## REQUIREMENT:
Return the whole listing unchanged. Drop the images.

## WORKING DATA:

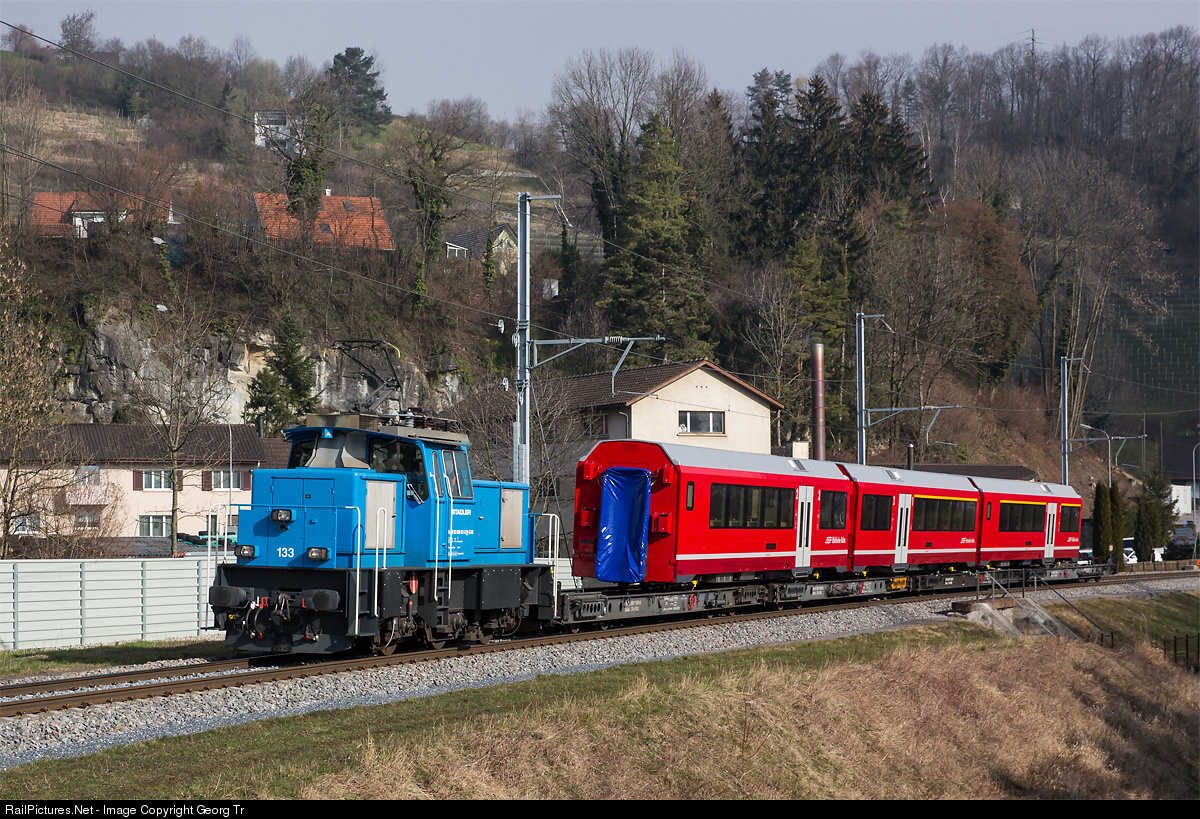 Electric locomotive with additional accumulator battery for shunting, Eea 936 # 133 of Stadler Rail, is pulling 4 lowfloor cars with the first half of the second "Albula Glieder Zug" (AGZ, Articular trainset for the Albula line) for the Rhaetian Railway, from the Stadler works in Altenrhein to Landquart.
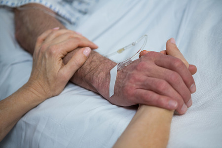 Elderly woman holding hands as a symbol of support and assistance in the hospice with euthanasia
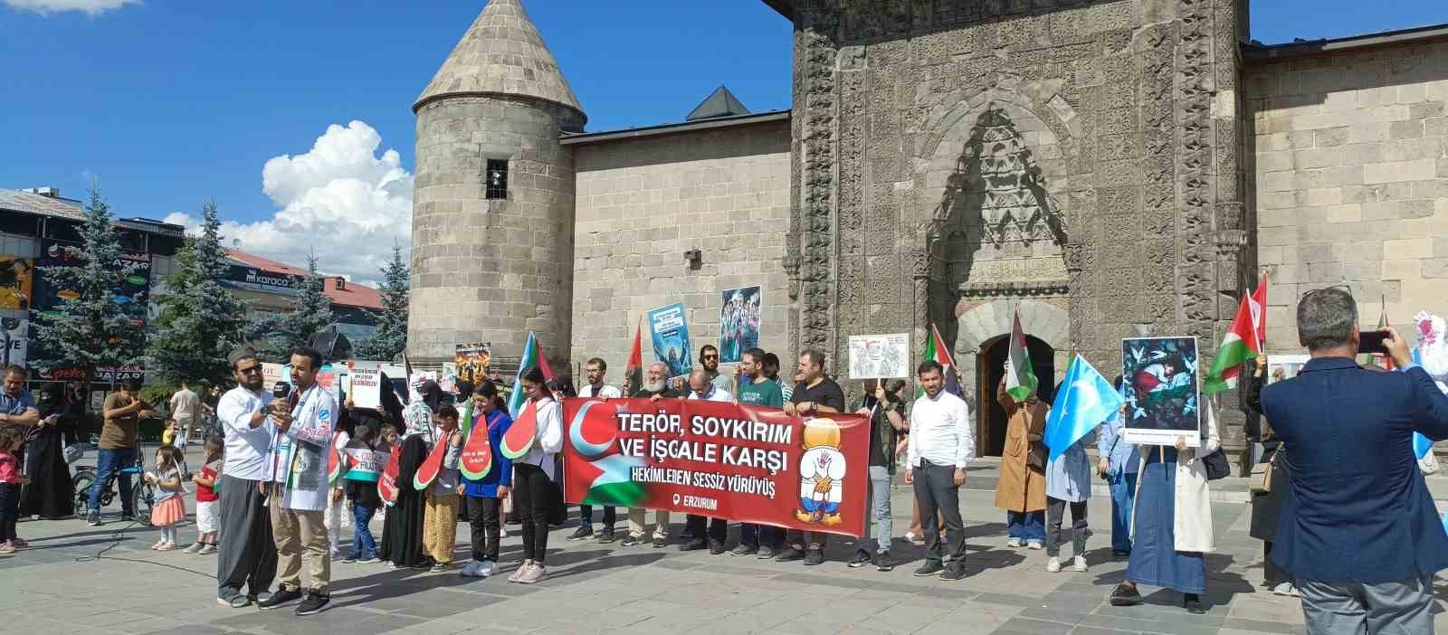 Erzurum'da 32 haftadır kesintisiz olarak İsrail'in Gazze'ye saldırılarını protesto etmek için sağlıkçılar tarafından düzenlenen sessiz yürüyüş artan destekle devam etti.
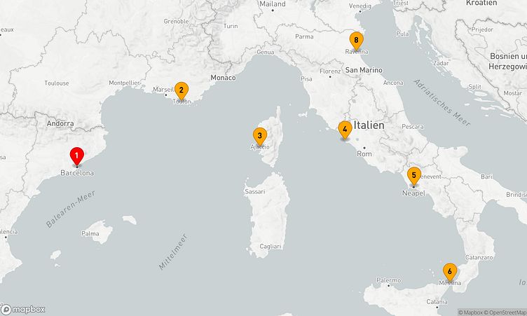 Während der Fahrt besuchen Sie unter anderem die Häfen von Barcelona, Toulon und Rom / Civitavecchia, die Ihnen beeindruckende Eindrücke und besondere Entdeckungen bieten.
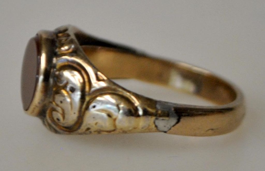 Antique 14 carat red gold ring with carnelian, 19th century. Unmarked. Size: 56/57. Weight: 4.4 grams.
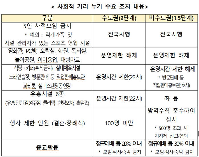 ▲ 사회적 거리두기 주요 조치 내용. [출처= 중앙재난안전대책본부] |
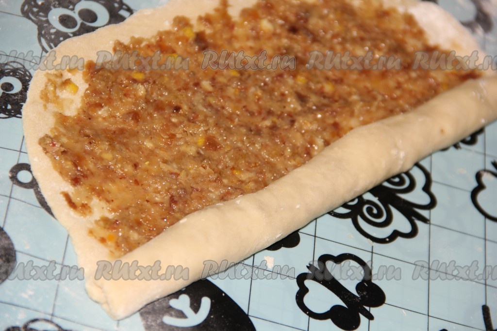 Начинку разделить на равные части. Смазать тесто начинкой, оставляя края раскатанного теста чистыми (как на фото).
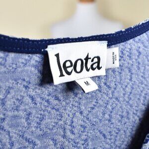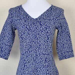 Leota jacquard printed dress. Size M. Blue and white print. Thick, stretch material. 3/4 sleeve. V-neck. Fit and flare style.
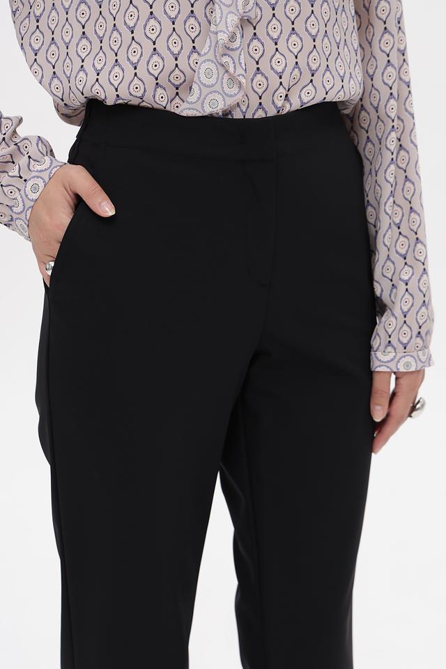 Модель оснащена боковыми карманами и классической застёжкой на молнию и пуговицу. Ткань приятна на ощупь и обеспечивает свободу движений. Эти брюки идеально сочетаются с блузками, рубашками и жакетами, создавая элегантный и стильный образ.
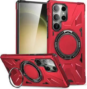 Military Grade Hybrid Case with MagSafe Magnetic Ring for Samsung Galaxy S23 Ultra - Red
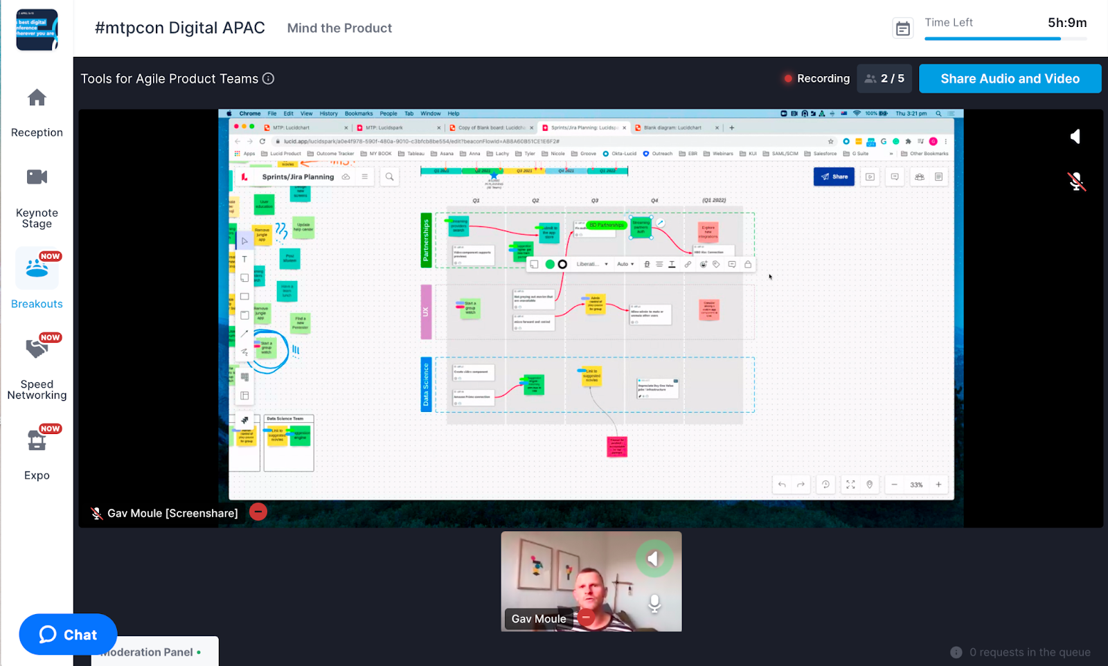 What does it look like for a product team to collaborate, remotely and in person? Gav Moule from Lucidspark walked us through some tips and tricks on how to facilitate Agile workshops using Lucidspark boards — they let you add emojis to sticky notes like you're reacting to a message in Slack, offer spell check, and you can insert GIFs. Minds blown.
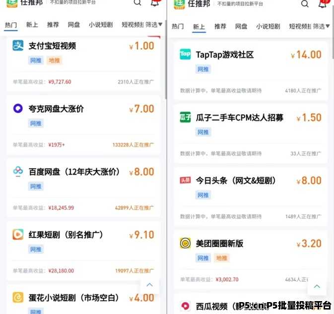 任推邦邀请码,任推邦不扣量的应用拉新平台,任推邦是一个超大型的应用拉新平台,覆盖了各大应用拉新,大平台推广起来无压力,佣金结算非常稳定,上线的项目都是官签项目。
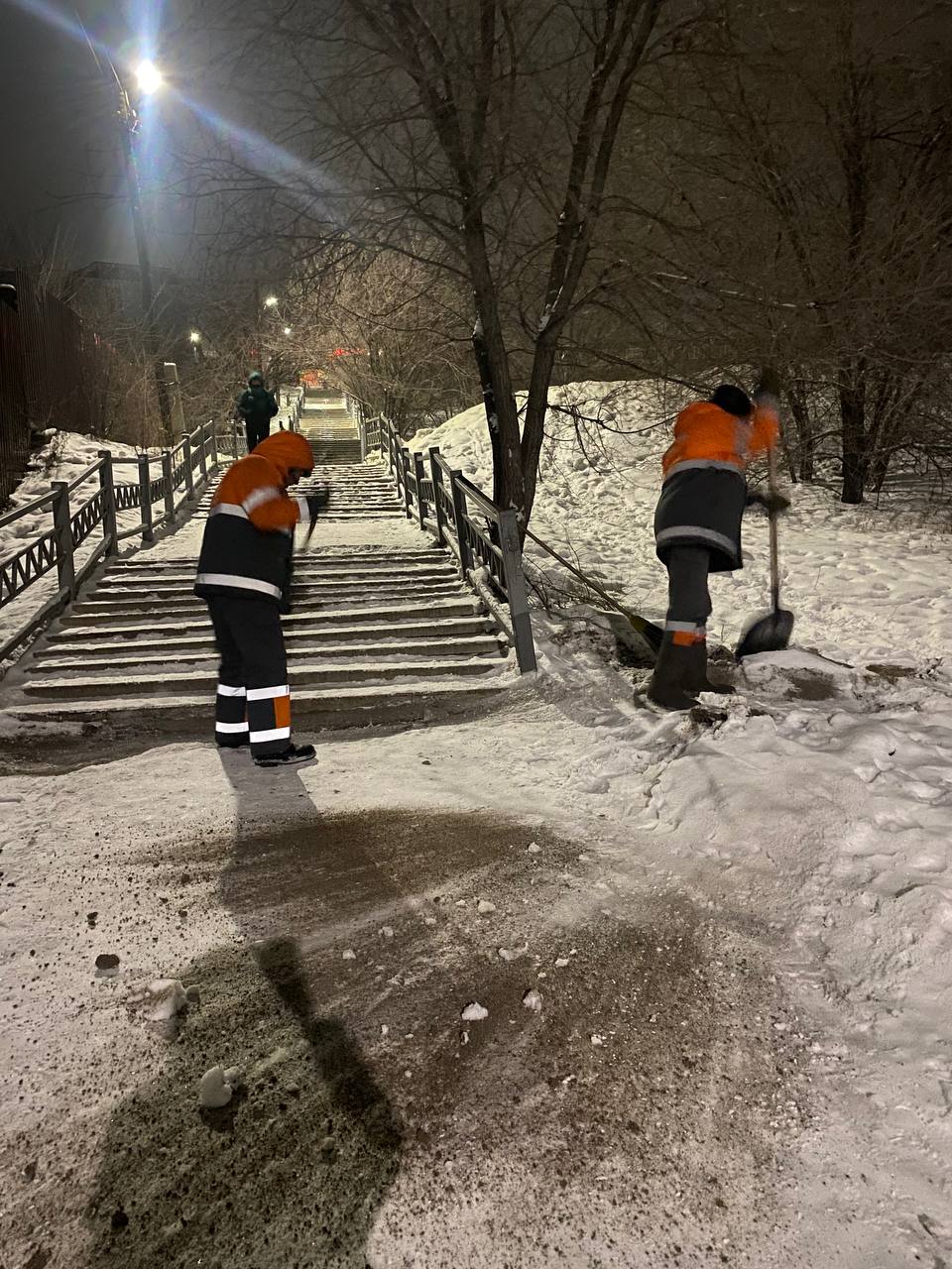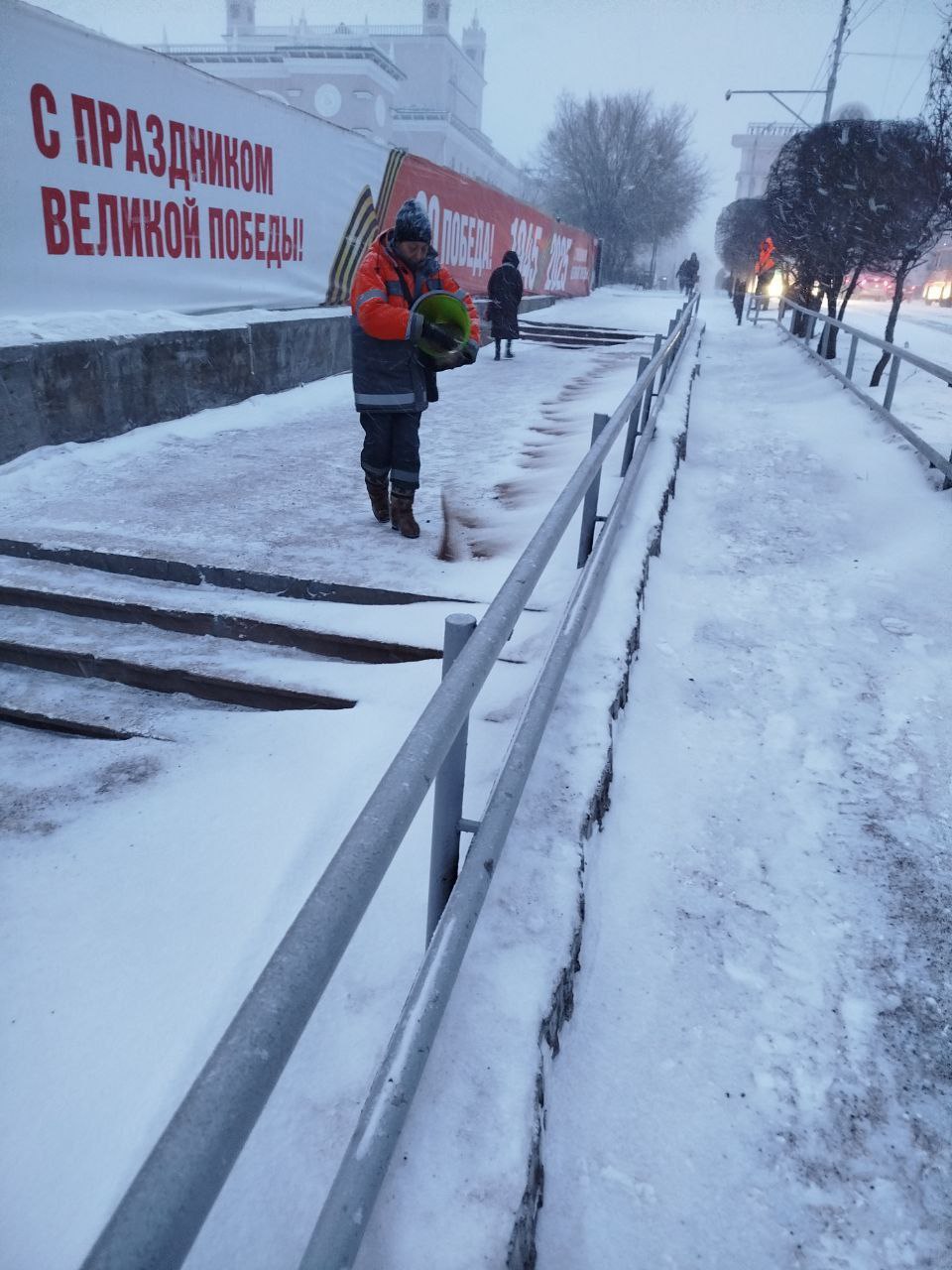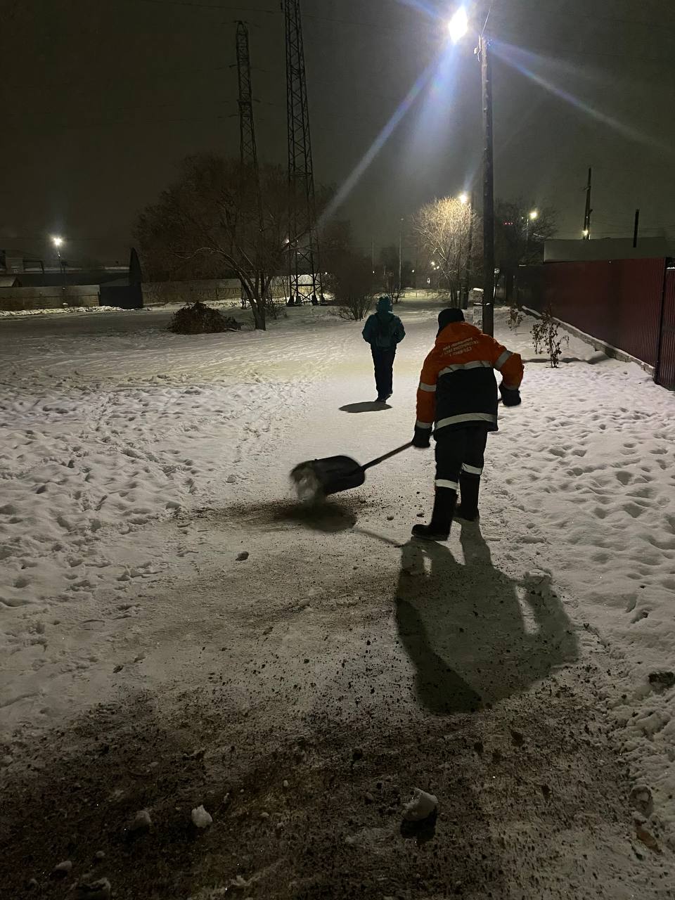 В 6:00 на уборку и подсыпку тротуаров вышли 120 уборщиков территорий Комбината по благоустройству и дворники управляющих компаний и ТСЖ.

## SOLVED PROBLEM:
 Electric locomotive with additional accumulator battery for shunting, Eea 936 # 133 of Stadler Rail, is pulling 4 lowfloor cars with the first half of the second "Albula Glieder Zug" (AGZ, Articular trainset for the Albula line) for the Rhaetian Railway, from the Stadler works in Altenrhein to Landquart.
 Elderly woman holding hands as a symbol of support and assistance in the hospice with euthanasia
 Erzurum'da 32 haftadır kesintisiz olarak İsrail'in Gazze'ye saldırılarını protesto etmek için sağlıkçılar tarafından düzenlenen sessiz yürüyüş artan destekle devam etti.
 Während der Fahrt besuchen Sie unter anderem die Häfen von Barcelona, Toulon und Rom / Civitavecchia, die Ihnen beeindruckende Eindrücke und besondere Entdeckungen bieten.
 Antique 14 carat red gold ring with carnelian, 19th century. Unmarked. Size: 56/57. Weight: 4.4 grams.
 ▲ 사회적 거리두기 주요 조치 내용. [출처= 중앙재난안전대책본부] |
 Начинку разделить на равные части. Смазать тесто начинкой, оставляя края раскатанного теста чистыми (как на фото).
 Leota jacquard printed dress. Size M. Blue and white print. Thick, stretch material. 3/4 sleeve. V-neck. Fit and flare style.
 Модель оснащена боковыми карманами и классической застёжкой на молнию и пуговицу. Ткань приятна на ощупь и обеспечивает свободу движений. Эти брюки идеально сочетаются с блузками, рубашками и жакетами, создавая элегантный и стильный образ.
 Military Grade Hybrid Case with MagSafe Magnetic Ring for Samsung Galaxy S23 Ultra - Red
 What does it look like for a product team to collaborate, remotely and in person? Gav Moule from Lucidspark walked us through some tips and tricks on how to facilitate Agile workshops using Lucidspark boards — they let you add emojis to sticky notes like you're reacting to a message in Slack, offer spell check, and you can insert GIFs. Minds blown.
 任推邦邀请码,任推邦不扣量的应用拉新平台,任推邦是一个超大型的应用拉新平台,覆盖了各大应用拉新,大平台推广起来无压力,佣金结算非常稳定,上线的项目都是官签项目。
 В 6:00 на уборку и подсыпку тротуаров вышли 120 уборщиков территорий Комбината по благоустройству и дворники управляющих компаний и ТСЖ.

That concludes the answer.